Andalucía enfrenta un déficit histórico de infraestructuras que persiste a pesar de las promesas realizadas por diferentes administraciones. Esta comunidad, que es la más poblada de España, también se sitúa como la peor financiada desde el inicio del siglo XXI, tal y como revela un informe de la Fundación de Estudios de Economía Aplicada (Fedea). Las infraestructuras acumuladas en la región son numerosas, con proyectos que aún no han sido ejecutados y obras que permanecen paralizadas, lo que ha contribuido a una creciente insatisfacción entre los ciudadanos.
La situación se agrava a medida que se observan proyectos sin ejecución y sobrecostes en varias provincias. Mientras otras regiones, como Cataluña, reciben más inversiones públicas, Andalucía se convierte en una de las grandes olvidadas en términos de infraestructura. Esto es especialmente evidente en Sevilla, donde la SE-40 aún no ha sido completada a pesar de haber sido planificada hace más de dos décadas. Su avance ha estado marcado por el derroche de recursos, como la compra de una tuneladora que nunca se utilizó, resultando en pérdidas millonarias.
En Málaga, las demandas de mejoras en infraestructuras, como el tren litoral, siguen sin resolverse. Aunque actualmente el proyecto está en fase de estudio, no se anticipa que se complete en su totalidad en un futuro cercano, lo que mantiene la movilidad en la región en un estado crítico.
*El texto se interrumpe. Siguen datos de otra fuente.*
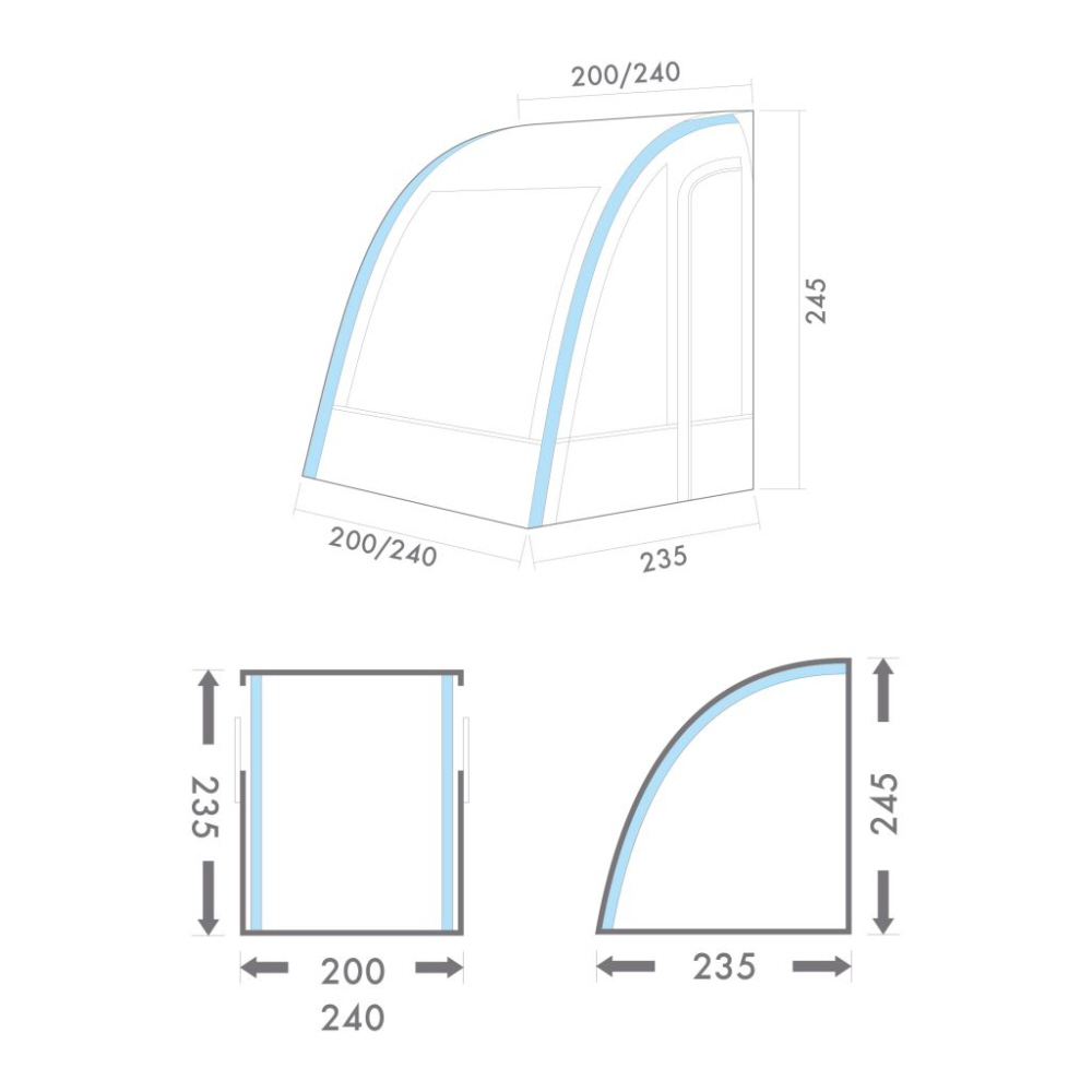 Das Leichtgewicht Lynx ist ein Teilzelt mit Schnell-Aufbau Airstube-System. Es ist speziell für den Eingangsbereich ihres Wohnwagens entwickelt worden. In nur wenigen Minuten aufgestellt bietet es einen praktischen Wetterschutz und viele Nutzungsmöglichkeiten. Alle Fensterflächen können blickdicht verschlossen werden, um noch mehr Privatsphäre zu erhalten.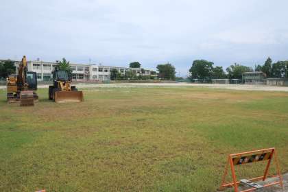 例年の夏休み、特に部活動が行われなく時期に合わせて勢いを増してくるのが、運動場の雑草。今年は改修工事が入るため、草刈りを見合わせていました。でも、これまでのような勢いがないばかりか、茶色く枯れ始めている場所もあります。異常な暑さとそれまで雨が降らなかったことが原因だと思いますが、改修工事のために準備された重機の存在に気持ちが萎えてしまったようにも見えます。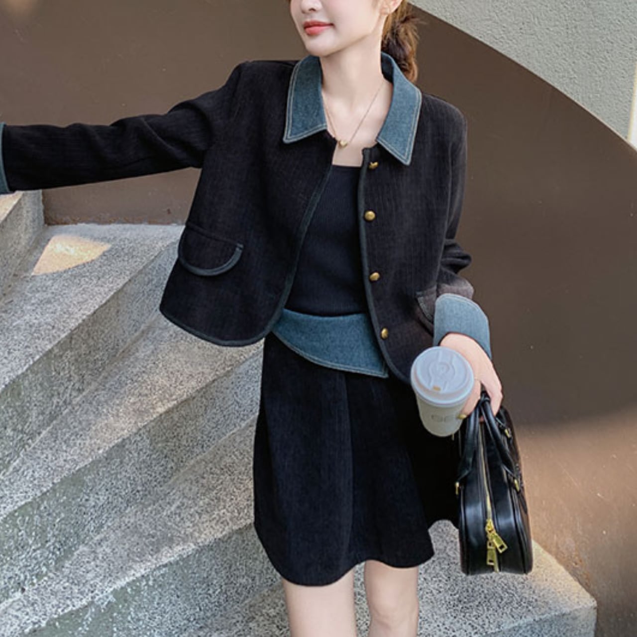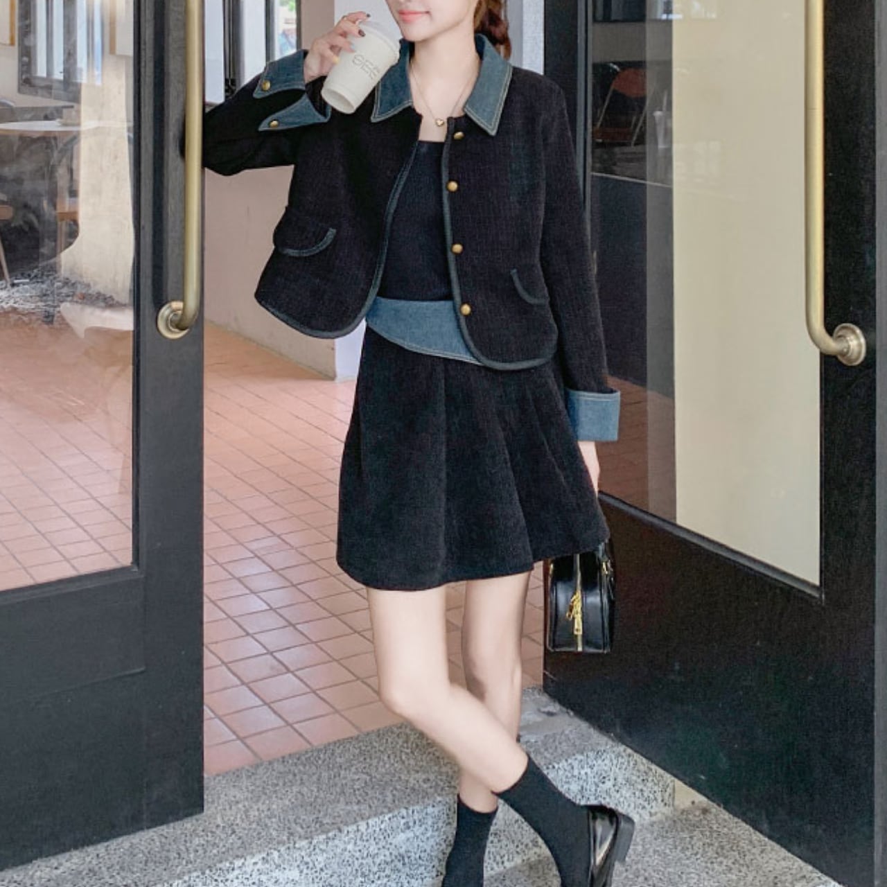 「今日は何を合わせよう…」という朝の悩みから解放される、コーディネート完結型のセット。デニムの程よいカジュアル感と、ブラックのシックな雰囲気が融合し、甘すぎず辛すぎない、大人が着やすい絶妙なバランスを実現しています。

La falta de renovación en las líneas ferroviarias, junto a un tráfico de carretera que colapsa en zonas como la A-7, agrava la situación para los habitantes y empresas de la zona.
Por otro lado, Almería sigue esperando la llegada del AVE, que se prevé para 2029, lo que pone en evidencia un retraso de quince años en las reclamaciones para esta infraestructura. Las obras del tramo Lorca-Vera, que han sido finalmente autorizadas, suman una inversión de 108 millones de euros, pero la conexión con Sevilla y otras provincias aún se encuentra en un estado deficiente. Esta situación también se refleja en las carreteras, donde se requieren mejoras urgentes para facilitar el tránsito.
La situación en Córdoba es igualmente preocupante, con la conversión de la N-432 en autovía aún pendiente desde 2005. Este proyecto, crucial para mejorar la seguridad vial y la capacidad de tráfico, sigue sin ejecutarse a pesar de la elevada siniestralidad. La Variante Oeste también continúa en fase de redacción desde hace más de dos décadas, lo que impide el desarrollo adecuado del tráfico pesado en la ciudad.
Granada no se queda atrás, manteniendo obras esenciales, como la variante de Loja, que lleva más de diez años de retraso. Aunque el Gobierno ha adjudicado el último tramo por 283 millones de euros, la finalización no se prevé hasta 2028, lo que limita el acceso y la movilidad en la región. Además, la conexión ferroviaria con el Puerto de Motril y otras mejoras siguen pendientes, lo que afecta al desarrollo económico local.
En el caso de Huelva, la falta de alta velocidad y conexiones ferroviarias competitivas ha llevado a la provincia a estar entre las peor comunicadas de Andalucía. A pesar de que se han destinado fondos para el diseño del proyecto Sevilla-Huelva-Faro, las obras aún no tienen fecha de inicio. Simultáneamente, Cádiz y Jaén también requieren atención urgente, con la capital jiennense siendo la única de Andalucía sin acceso a la alta velocidad, lo que perpetúa su aislamiento.
La realidad de las infraestructuras hidráulicas también es alarmante. Andalucía alterna entre sequías extremas e inundaciones, y un informe del Observatorio de Sostenibilidad resalta que un 76% de las infraestructuras críticas presentan un riesgo muy grave de inundación. Las obras hidráulicas necesarias para asegurar un suministro adecuado siguen acumulando retrasos y carecen de inversiones, lo que añade presión a un ya complicado panorama. La mejora de conducciones y el refuerzo de infraestructuras son demandas recurrentes en diversas provincias.
En conclusión, la falta de inversiones adecuadas en infraestructuras en Andalucía no solo limita el desarrollo económico de la región, sino que también perpetúa la sensación de aislamiento de las provincias. A medida que las necesidades de los ciudadanos crecen, la esperanza de ver avances en estos proyectos se convierte en una expectativa cada vez más urgente. La conexión y movilidad dentro de la comunidad autónoma son esenciales para su futuro, y es imperativo que se tomen medidas efectivas para abordar esta problemática.